[Start of Attachment]

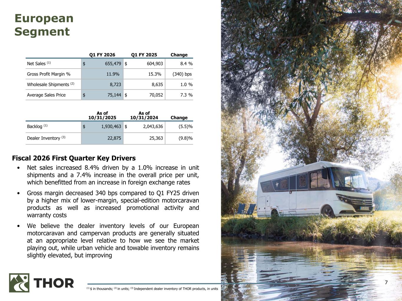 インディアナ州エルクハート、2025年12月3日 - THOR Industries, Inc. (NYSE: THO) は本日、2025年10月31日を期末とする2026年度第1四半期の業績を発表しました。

[End of Attachment]
[Start of Attachment]

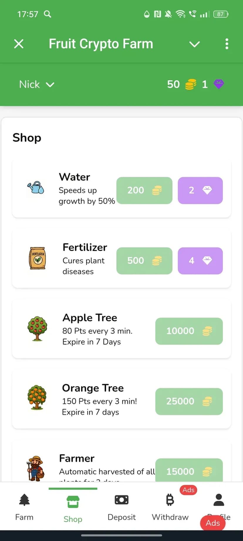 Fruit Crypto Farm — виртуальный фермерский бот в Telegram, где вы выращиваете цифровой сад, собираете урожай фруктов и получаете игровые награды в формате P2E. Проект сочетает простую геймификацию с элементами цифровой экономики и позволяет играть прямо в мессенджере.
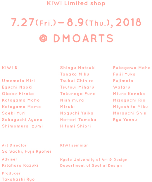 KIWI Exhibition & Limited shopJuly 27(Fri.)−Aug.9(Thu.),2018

[End of Attachment]

REQUIRED WORK: Repeat exactly the lines above, from the line that contains "Fruit Crypto Farm" down through the line that contains "KIWI Exhibition &". Include both of those lines and none of the pictures.

COMPLETED TASK:
 Fruit Crypto Farm — виртуальный фермерский бот в Telegram, где вы выращиваете цифровой сад, собираете урожай фруктов и получаете игровые награды в формате P2E. Проект сочетает простую геймификацию с элементами цифровой экономики и позволяет играть прямо в мессенджере.
 KIWI Exhibition & Limited shopJuly 27(Fri.)−Aug.9(Thu.),2018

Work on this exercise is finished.